Instructions for the task: A faithful transcription of all the data, images excluded, is the required answer.

Provided material:
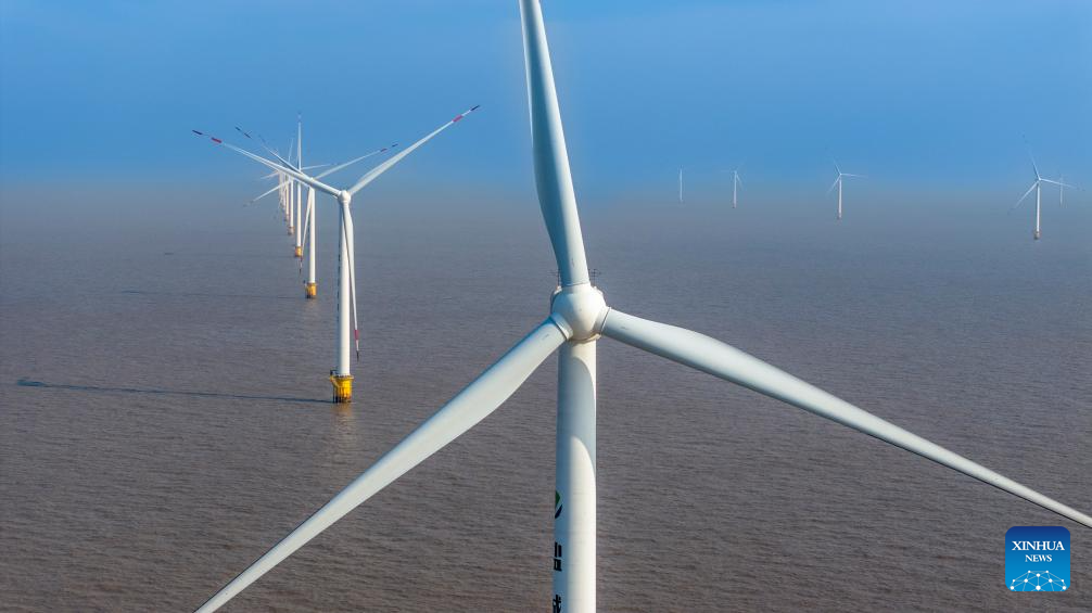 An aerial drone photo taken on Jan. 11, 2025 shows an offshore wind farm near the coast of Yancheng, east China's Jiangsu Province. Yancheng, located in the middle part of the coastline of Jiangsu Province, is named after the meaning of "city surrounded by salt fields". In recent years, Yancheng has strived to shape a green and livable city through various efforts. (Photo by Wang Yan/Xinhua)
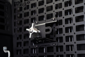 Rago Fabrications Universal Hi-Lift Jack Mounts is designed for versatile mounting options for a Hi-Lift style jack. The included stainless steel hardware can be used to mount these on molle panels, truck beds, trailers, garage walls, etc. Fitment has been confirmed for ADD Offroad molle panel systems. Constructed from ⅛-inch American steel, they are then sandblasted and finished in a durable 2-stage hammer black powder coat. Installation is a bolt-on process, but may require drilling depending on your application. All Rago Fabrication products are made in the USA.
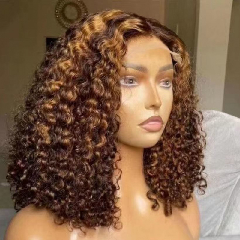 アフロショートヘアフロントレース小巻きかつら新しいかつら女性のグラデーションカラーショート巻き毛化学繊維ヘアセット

Your solution:
 An aerial drone photo taken on Jan. 11, 2025 shows an offshore wind farm near the coast of Yancheng, east China's Jiangsu Province. Yancheng, located in the middle part of the coastline of Jiangsu Province, is named after the meaning of "city surrounded by salt fields". In recent years, Yancheng has strived to shape a green and livable city through various efforts. (Photo by Wang Yan/Xinhua)
 Rago Fabrications Universal Hi-Lift Jack Mounts is designed for versatile mounting options for a Hi-Lift style jack. The included stainless steel hardware can be used to mount these on molle panels, truck beds, trailers, garage walls, etc. Fitment has been confirmed for ADD Offroad molle panel systems. Constructed from ⅛-inch American steel, they are then sandblasted and finished in a durable 2-stage hammer black powder coat. Installation is a bolt-on process, but may require drilling depending on your application. All Rago Fabrication products are made in the USA.
 アフロショートヘアフロントレース小巻きかつら新しいかつら女性のグラデーションカラーショート巻き毛化学繊維ヘアセット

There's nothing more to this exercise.